Load the web page specified by the <url> command line argument and create a list of all the URLs to the images on that page. We’ll use that list in the next task.

Task 2 - Download the images

For this part you’ll need the code you wrote in Project 1. Copy your image_processing.py file into your Project 4 directory. Add a line to webcrawler.py to import the necessary functions from that file. You can either import just the ones you need, import all of them if you don’t have name conflicts, or just import the file as a package (so you’d call the functions as image_processing.grayscale() for example).

Since we are going to use our byuimage library to process the image, we first need to save all the images to the local disk so our Image object can open them (it’s not designed to take a raw byte stream). To do this, we’ll take advantage of the .content attribute that the response object has that just gives you the raw data received. For each image URL we need to do the following:

response = request_guard.make_get_request(image_url, stream=True)
with open(output_filename, 'wb') as out_file:
    out_file.write(response.content)

This gets the image (url variable) and opens it before saving it directly to the output_filename file. Be sure to include the correct file type at the end of the filename.

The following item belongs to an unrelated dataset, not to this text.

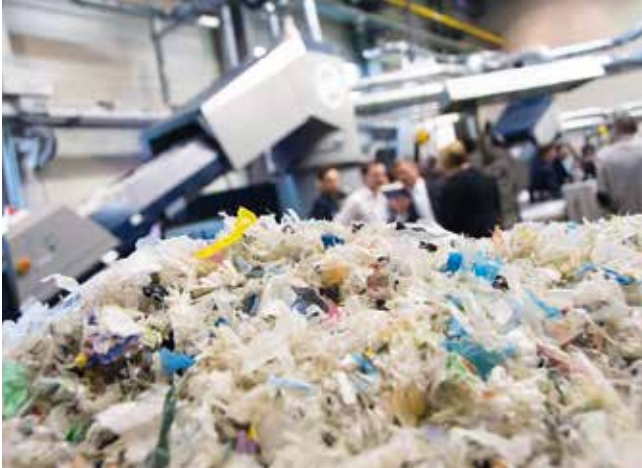
PE-Waschnitzel: Rohstoff der Zukunft für Materialhersteller

Before you can run this code, you need to generate the output file name. You should just use the filename provided in the URL. So if the URL is “https://cs111.byu.edu/images/image1.png”, the output_filename should be “image1.png”.

Task 3 - Process and save the images

Now that the images are downloaded, you need to apply the filter to them and save the modified image with the new filename. You could do this in a separate loop or as part of the loop that downloads the images.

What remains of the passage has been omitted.